The bid-to-cover ratio, which gauges demand by the amount bid with the amount offered, was 2.67, compared with an average 2.4 at the past 10 sales. The difference in 10-year yields versus Group of Seven debt is the highest since 2007. Prices of Treasurys were little changed Thursday after rallying earlier on concern political tensions in the Middle East as intensifying.
“The auction went well,” said Larry Milstein, managing director in New York of government-debt trading at R.W. Pressprich & Co. “Europe is still weak and their low bond yields are pulling on the U.S. and continue to contain yields here, which is providing support. There may be another run in Treasurys, but you don’t want to jump in front of the Fed until you hear what they have to say.”

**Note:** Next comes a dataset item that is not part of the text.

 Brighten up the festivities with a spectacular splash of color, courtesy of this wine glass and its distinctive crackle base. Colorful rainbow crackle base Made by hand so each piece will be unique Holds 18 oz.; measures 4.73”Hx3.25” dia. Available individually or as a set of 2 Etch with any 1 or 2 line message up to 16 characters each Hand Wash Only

The 10-year yield was little changed at 2.55 percent as of 5 p.m. New York time, after reaching the highest level since Aug. 1, according to Bloomberg Bond Trader prices. It rose 15 basis points in the previous five sessions.
The current 30-year yield was little changed at 3.28 percent.

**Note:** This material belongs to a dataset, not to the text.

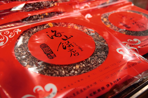 Shuangxi’s Haishan Cake Shop and terraced field farmers from neighboring Gongliao have cooperated to sell gift boxes of puffed-rice cakes made of local rice.
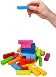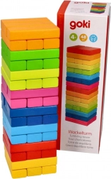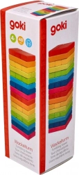 Ravnotežni stolp znamke GOKI prinaša klasično igro, polno napetosti, v moderni mavrični izvedbi. Vsako nadstropje sestavljajo tri barvite lesene ploščice, ki jih zlagate v stabilen stolp, nato pa previdno premikate en del za drugim na njegov vrh. Cilj je čim dlje ohraniti ravnotežje.

The U.S. benchmark 10-year note yielded 86 basis points more than its Group of Seven counterparts, after reaching 87 on Sept. 5, the widest since June 2007.
Auction Results
Indirect bidders, a class of investors that includes foreign central banks, purchased 42.5 percent of the $61 billion of 3-, 10- and 30-year securities sold this week, according to Treasury Department data compiled by Bloomberg. Investors bid $2.91 for every $1 of debt offered, the most since June.
The 30-year debt sold Thursday yielded 3.24 percent, compared with a forecast of 3.267 percent in a Bloomberg News survey of five of the Federal Reserve’s 22 primary dealers.
“We’ve had a good concession of the last week or so, which benefited the auction,” said Jason Rogan, managing director of U.S. government trading at Guggenheim Securities, a New York- based brokerage for institutional investors. “Higher yields brought demand back in. The back end of the curve still presents opportunity.”
The auction was rated a four on a scale of one to five, with five being outstanding, by five primary dealers.
Bond Returns
Thirty-year bonds have returned 16 percent this year, compared with a 3.4 percent gain by the broader U.S. Treasurys market, according to Bank of America Merrill Lynch indexes. The long bond lost 15 percent in 2013, versus a 3.4 percent decline by Treasurys overall.
Treasurys rose earlier as concern that political tension in the Middle East will intensify stoked demand for the safest assets.
President Barack Obama said in an address from the White House late Wednesday the U.S. would lead a broad coalition against Islamic State extremists for a “steady, relentless effort” using American air power in support of local forces on the ground.
“Bonds had sold off over the last few days, and Obama’s speech sparked a bit of a safe-haven bid,” said Adrian Miller, director of fixed-income strategies at GMP Securities LLC in New York. “Still, the market is focused on all things Fed, and what message they will deliver next week.”
Gross’s View
Pacific Investment Management Co.’s Bill Gross said Treasury 10-year notes are “fairly valued” at 2.5 percent.
The benchmark U.S. security offers “a decent return and not subject, importantly, to a bear market,” Gross said on Bloomberg Television. “That’s based upon our new outlook called ‘new neutral,’ which suggests that the Fed will not raise interest rates to a level that they have historically.”
Gross, manager of the world’s biggest bond fund, has forecast that the long-term policy rate, known as the terminal or neutral rate, will be around 2 percent, or about half of what central bank officials’ forecast.
The Fed has kept its benchmark rate target in a range of zero to 0.25 percent since December 2008 to spur lending and economic growth after the worst recession since the Great Depression.
There’s an 84 percent chance the Fed will raise its benchmark to at least 0.5 percent by October 2015, data based on federal fund futures showed Wednesday.
“The Fed hiking cycle will affect mostly the front-end of the curve,” said Aaron Kohli, an interest-rate strategist BNP Paribas SA in New York, a primary dealer. “For those looking to avoid some of that turbulence, the long end provides a fairly significant safe haven.”